> [Supplied entries]
:::::

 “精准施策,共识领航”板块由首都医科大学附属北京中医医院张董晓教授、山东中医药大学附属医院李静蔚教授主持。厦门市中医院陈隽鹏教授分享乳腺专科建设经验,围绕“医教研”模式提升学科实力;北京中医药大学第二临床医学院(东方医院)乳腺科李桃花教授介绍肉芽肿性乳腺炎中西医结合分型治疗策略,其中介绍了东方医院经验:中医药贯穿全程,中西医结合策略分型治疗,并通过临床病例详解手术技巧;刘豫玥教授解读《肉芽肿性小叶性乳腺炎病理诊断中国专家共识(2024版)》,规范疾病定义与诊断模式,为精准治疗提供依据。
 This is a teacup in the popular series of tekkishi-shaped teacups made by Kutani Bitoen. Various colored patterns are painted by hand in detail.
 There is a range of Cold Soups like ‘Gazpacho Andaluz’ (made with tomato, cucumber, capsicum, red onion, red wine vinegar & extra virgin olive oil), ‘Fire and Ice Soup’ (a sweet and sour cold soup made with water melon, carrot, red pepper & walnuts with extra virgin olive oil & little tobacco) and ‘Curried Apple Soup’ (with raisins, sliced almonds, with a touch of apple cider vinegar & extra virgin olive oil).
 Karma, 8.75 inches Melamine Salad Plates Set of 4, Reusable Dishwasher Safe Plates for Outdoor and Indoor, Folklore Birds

:::::

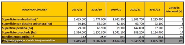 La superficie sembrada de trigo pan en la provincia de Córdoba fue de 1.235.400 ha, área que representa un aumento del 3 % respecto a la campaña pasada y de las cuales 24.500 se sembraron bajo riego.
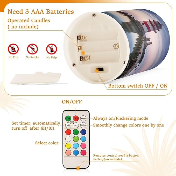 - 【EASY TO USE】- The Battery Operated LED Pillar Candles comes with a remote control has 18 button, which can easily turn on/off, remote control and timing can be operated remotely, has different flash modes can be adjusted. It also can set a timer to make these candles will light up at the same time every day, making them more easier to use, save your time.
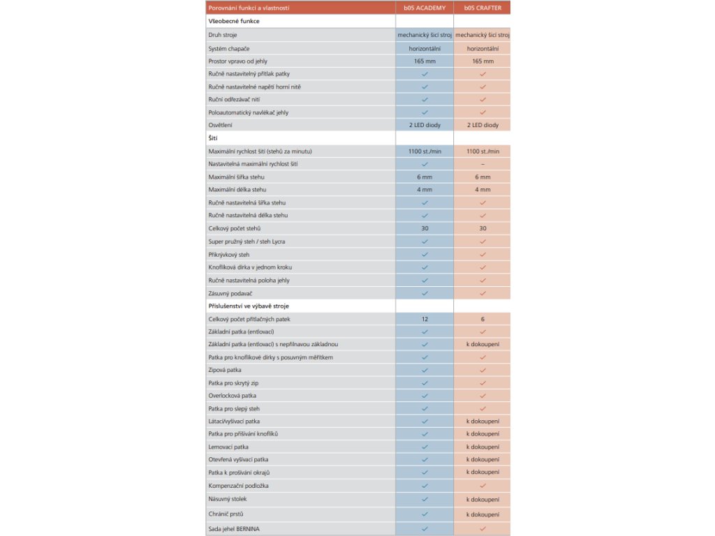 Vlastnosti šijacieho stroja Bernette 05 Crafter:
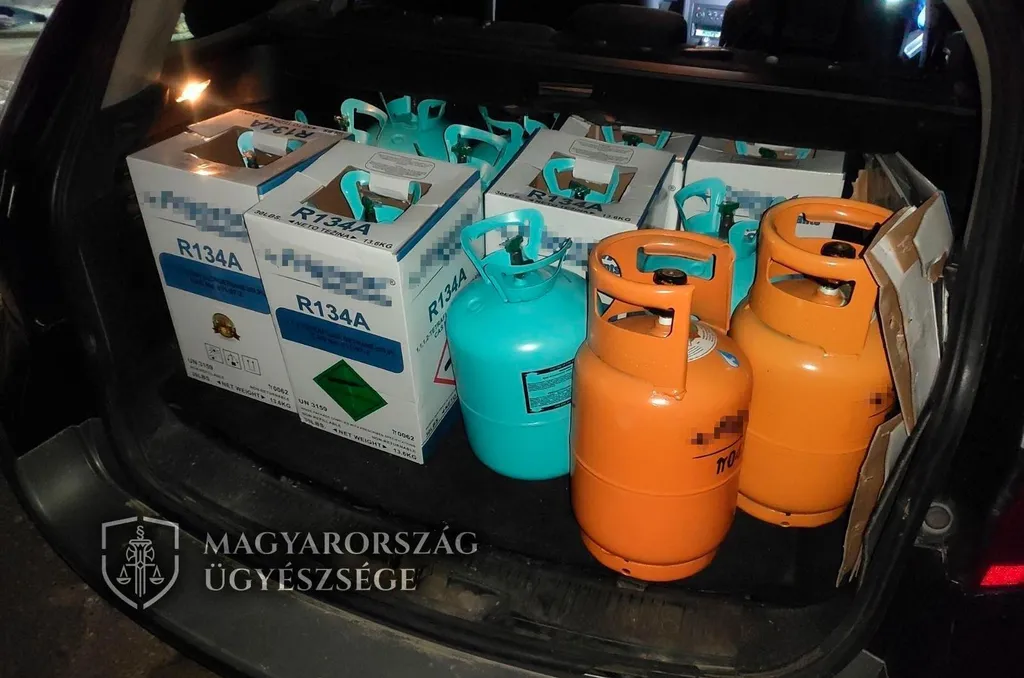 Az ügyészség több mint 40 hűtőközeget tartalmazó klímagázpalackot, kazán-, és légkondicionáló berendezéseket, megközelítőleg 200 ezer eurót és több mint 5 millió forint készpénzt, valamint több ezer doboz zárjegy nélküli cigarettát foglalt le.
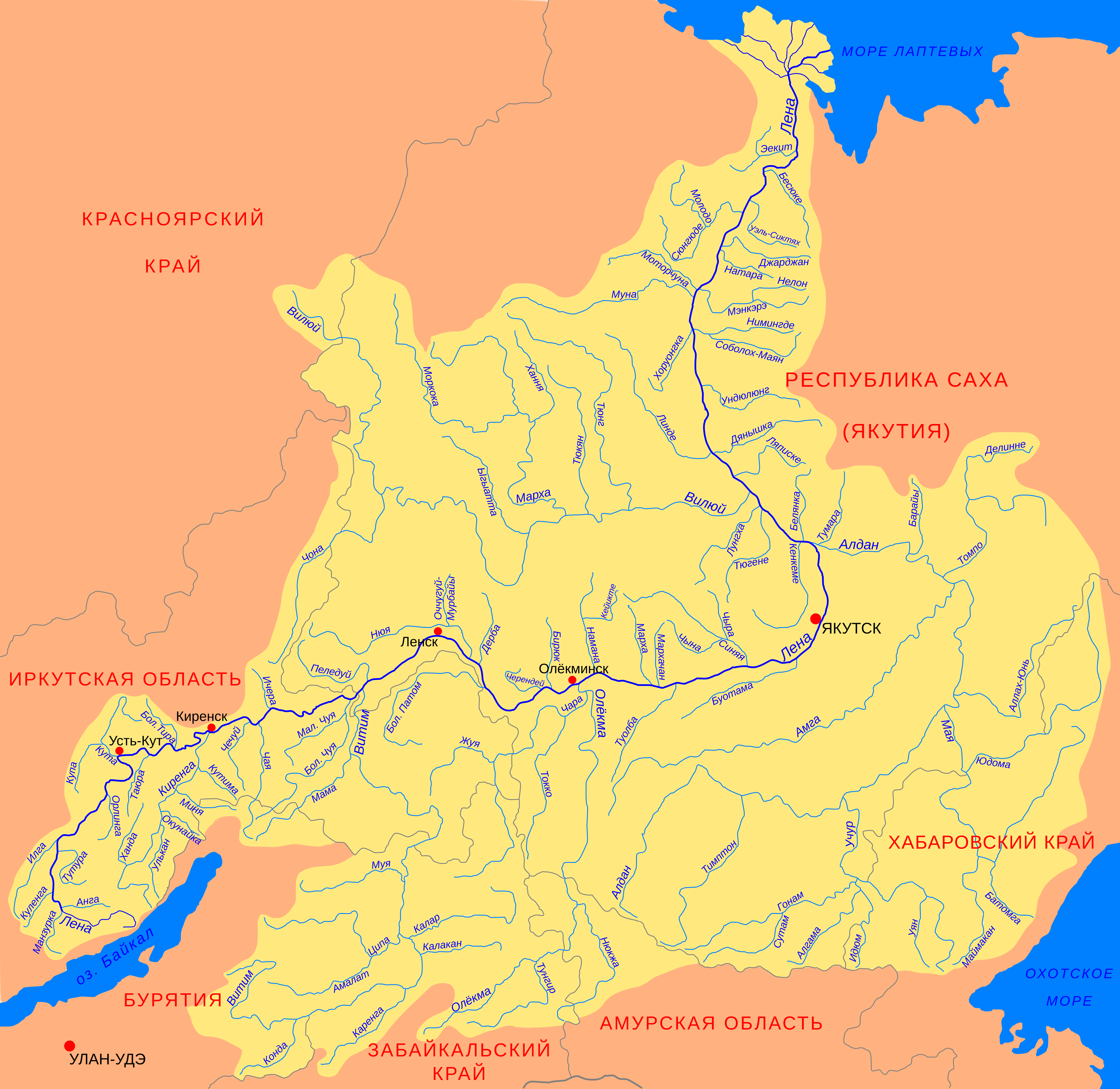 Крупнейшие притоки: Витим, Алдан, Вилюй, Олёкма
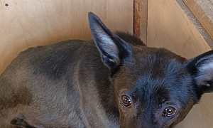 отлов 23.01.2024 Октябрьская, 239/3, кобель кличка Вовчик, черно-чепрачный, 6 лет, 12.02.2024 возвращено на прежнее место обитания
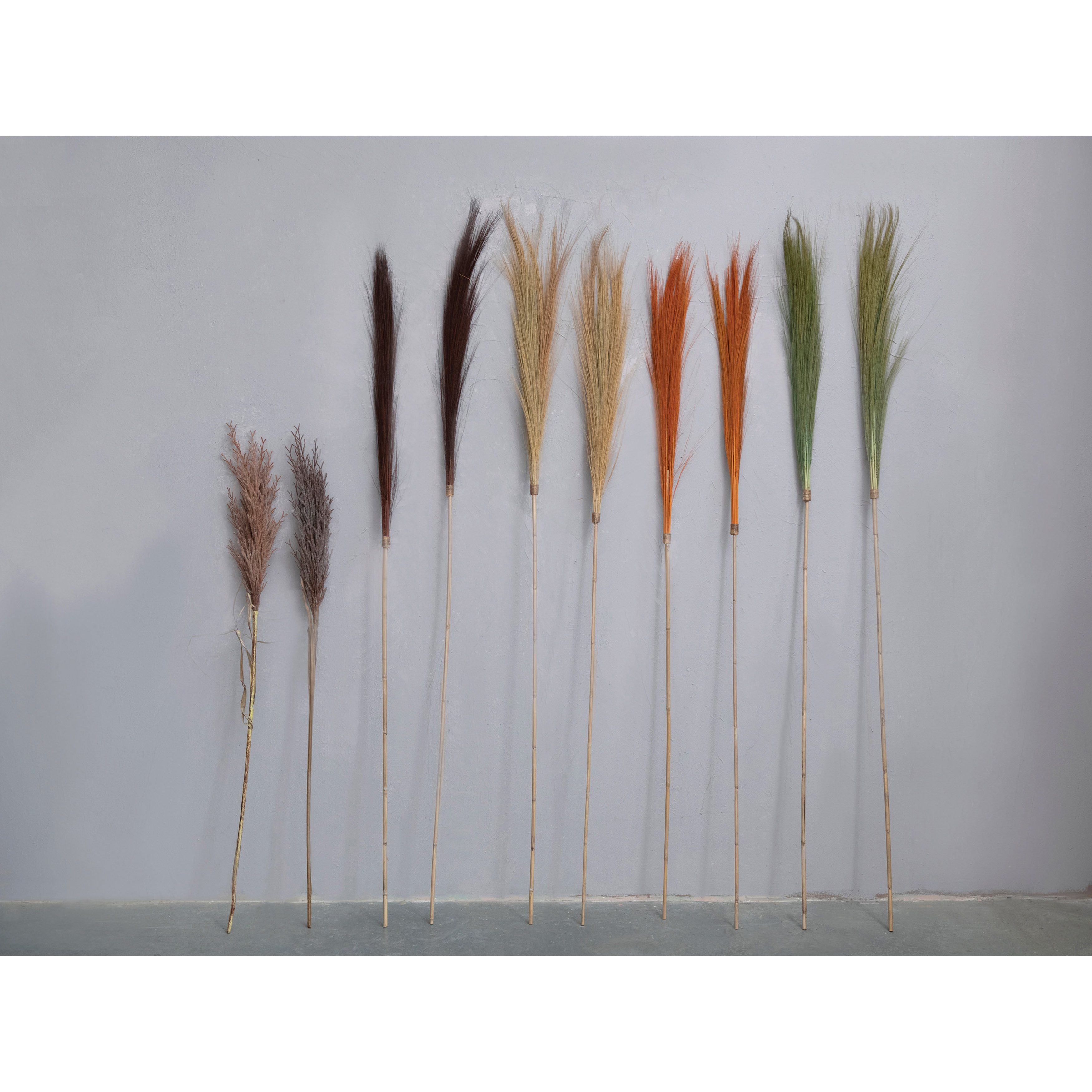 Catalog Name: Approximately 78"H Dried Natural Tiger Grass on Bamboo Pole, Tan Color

:::::

> [Task]
Each line that holds the word "made" should be extracted from the records.

> [The answer]
 This is a teacup in the popular series of tekkishi-shaped teacups made by Kutani Bitoen. Various colored patterns are painted by hand in detail.
 There is a range of Cold Soups like ‘Gazpacho Andaluz’ (made with tomato, cucumber, capsicum, red onion, red wine vinegar & extra virgin olive oil), ‘Fire and Ice Soup’ (a sweet and sour cold soup made with water melon, carrot, red pepper & walnuts with extra virgin olive oil & little tobacco) and ‘Curried Apple Soup’ (with raisins, sliced almonds, with a touch of apple cider vinegar & extra virgin olive oil).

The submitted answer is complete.